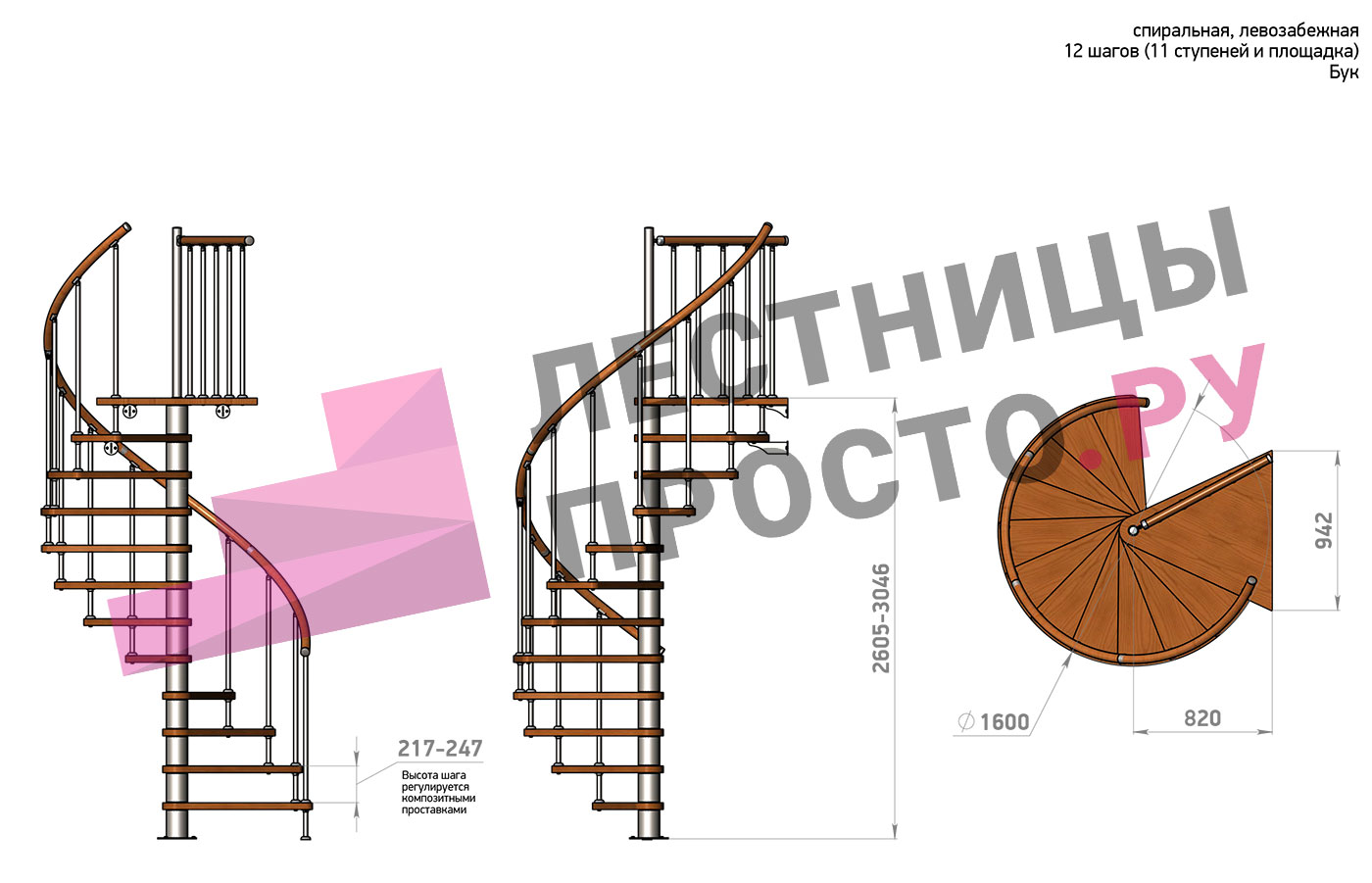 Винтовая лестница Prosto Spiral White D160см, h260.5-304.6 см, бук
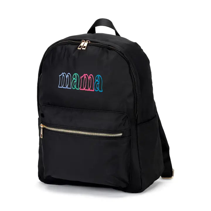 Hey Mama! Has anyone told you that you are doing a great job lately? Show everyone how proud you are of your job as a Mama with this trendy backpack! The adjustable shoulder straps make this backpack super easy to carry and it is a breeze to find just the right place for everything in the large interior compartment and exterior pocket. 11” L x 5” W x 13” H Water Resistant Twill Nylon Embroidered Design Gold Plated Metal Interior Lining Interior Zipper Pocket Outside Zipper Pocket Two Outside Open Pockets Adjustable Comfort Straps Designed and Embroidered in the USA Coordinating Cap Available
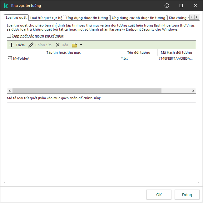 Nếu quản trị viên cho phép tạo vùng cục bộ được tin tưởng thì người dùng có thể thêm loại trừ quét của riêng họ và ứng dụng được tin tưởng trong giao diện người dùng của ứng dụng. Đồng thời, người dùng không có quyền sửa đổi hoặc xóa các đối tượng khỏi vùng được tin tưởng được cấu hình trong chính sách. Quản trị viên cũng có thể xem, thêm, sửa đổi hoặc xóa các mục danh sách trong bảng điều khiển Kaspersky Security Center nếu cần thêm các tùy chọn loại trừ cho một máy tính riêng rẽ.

**Your assignment:**
You are asked to reproduce each line above exactly, but to exclude the pictures.

**Solution for this exercise:**
 Винтовая лестница Prosto Spiral White D160см, h260.5-304.6 см, бук
 Hey Mama! Has anyone told you that you are doing a great job lately? Show everyone how proud you are of your job as a Mama with this trendy backpack! The adjustable shoulder straps make this backpack super easy to carry and it is a breeze to find just the right place for everything in the large interior compartment and exterior pocket. 11” L x 5” W x 13” H Water Resistant Twill Nylon Embroidered Design Gold Plated Metal Interior Lining Interior Zipper Pocket Outside Zipper Pocket Two Outside Open Pockets Adjustable Comfort Straps Designed and Embroidered in the USA Coordinating Cap Available
 Nếu quản trị viên cho phép tạo vùng cục bộ được tin tưởng thì người dùng có thể thêm loại trừ quét của riêng họ và ứng dụng được tin tưởng trong giao diện người dùng của ứng dụng. Đồng thời, người dùng không có quyền sửa đổi hoặc xóa các đối tượng khỏi vùng được tin tưởng được cấu hình trong chính sách. Quản trị viên cũng có thể xem, thêm, sửa đổi hoặc xóa các mục danh sách trong bảng điều khiển Kaspersky Security Center nếu cần thêm các tùy chọn loại trừ cho một máy tính riêng rẽ.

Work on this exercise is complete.